La marca è Lucchi. E' un'azienda di Bologna che fa scarpe dal 1978. Di Bologna, appunto e io sto a Roma e l'unico negozio (misà tanto) che le smercia qui dalle mie parti l'ha finite, damned!
Sto impazzendo per trovarle su ebay, ho contattato anche il sito della figlia, tale Cristina Lucchi, per sapere chi le vende qui a Roma. Ma te pare... Date un'occhiata al sito, ce n'è per tutti i gusti: dalle pip-toe a quelle più classiche, da quelle più trasgressive (anche per serate un po' fetish), agli stivali...quelle di cui mi sono innamorata le indossa la modella che sta cercando di saltare sull'albero con le gambe in modalità spaccata.
Sono neri, hanno il dippio collo e vi giuro che addosso sono fichissime. Devo trovarle, devono essere mie.
PREGHIERINA DELLA SERA:
Caro Gesù bambino,
puoi esaudirmi almeno questo di desiderio? Sono convinta che questo sia alla tua portata.
Almeno stavolta mi caghi? Puoi farlo per me? Eh? O chiedo troppo anche così?
Grazie
P.S. Però con una certa rapidità che il freddo, quello serio, è alle porte.
Visto che il post sull'amoredezia ha riscosso grande successo (a chi non è capitato almeno una volta di avere a che fare con le domande imbarazzanti dei bambini? Tenere e dolci creature dalla faccia come il culetto...passatemela) vorrei chiudere con le ultime dal fronte, perchè pare che quello fosse solo l'inizio e il nipotino adorato ci si sia messo proprio di punta.
Sabato mattina. L'amoredezia in modalità esterno giorno.
- Zia guarda? -
- Cosa amore mio? -
- Lì! - e sorriso a trecentottanta denti. Dove li prenderà tutti sti denti...
- Ahemmm...si. - e una gran voglia di spaccarglieli. Con amore, semprecomunque.
- Ziaaa guarda! -
- Cooosa? -
- Lì! - ghigno soddisfatto
- Ziaaaa? Ziaaa? Ziiiiaaaa? -
- Eheee checc'è ancora? Che vuoi adesso? -
- Gurda! -
- No! -
- Ho detto guarda! Guarda che bello! -
- Ho detto NO! No, non mi va! Punto. Emmobasta veramente! -
- Ma perchè? -
Perchè? Perchèèè? Ma perchè te lo chiedo io a te! So dieci volte che mi chiami per indicarmi ogni carrozzino che passa nel raggio di un kilometro perchè ci tieni tanto a farmi ammirare il contenuto!
Ma che c'hai che t'è preso? Che è mo sta fissa?
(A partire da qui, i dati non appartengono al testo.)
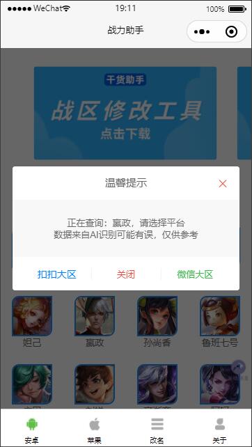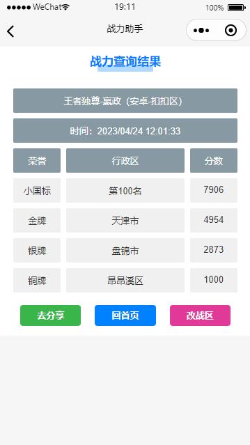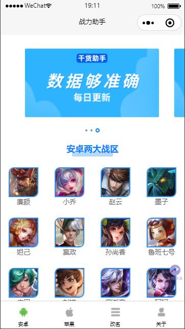 王者荣耀战力查询小程序除了功能外,其UI设计也非常优美。

Ci pensa già zia da sola a trastullarsi con atteggiamenti morbosi al limite del patetico e ad esibire un'interesse smodato per i bambini di tutte le taglie e tutti i modelli, che le mamme spesso mi imbruttiscono perchè pensano che sono una maniaca che vuole rapirgli il figlio. E' chiaro il concetto?
Ora non serve che ti ci metti pure tu. Zia fa da sola. A zia non serve aiuto.
Davvero, ti ringrazio per la premura ma per uno che riesco a perdermene di nano carrozzato, che magari sono occupata in una conversazione, non succede nulla. Davvero.
Misà che non capirebbe comunque.
Ah, per la cronaca, oggi sono in una di quelle giornate non-mi-va-bene-gnente mode. Ma i motivi sono più che validi, no?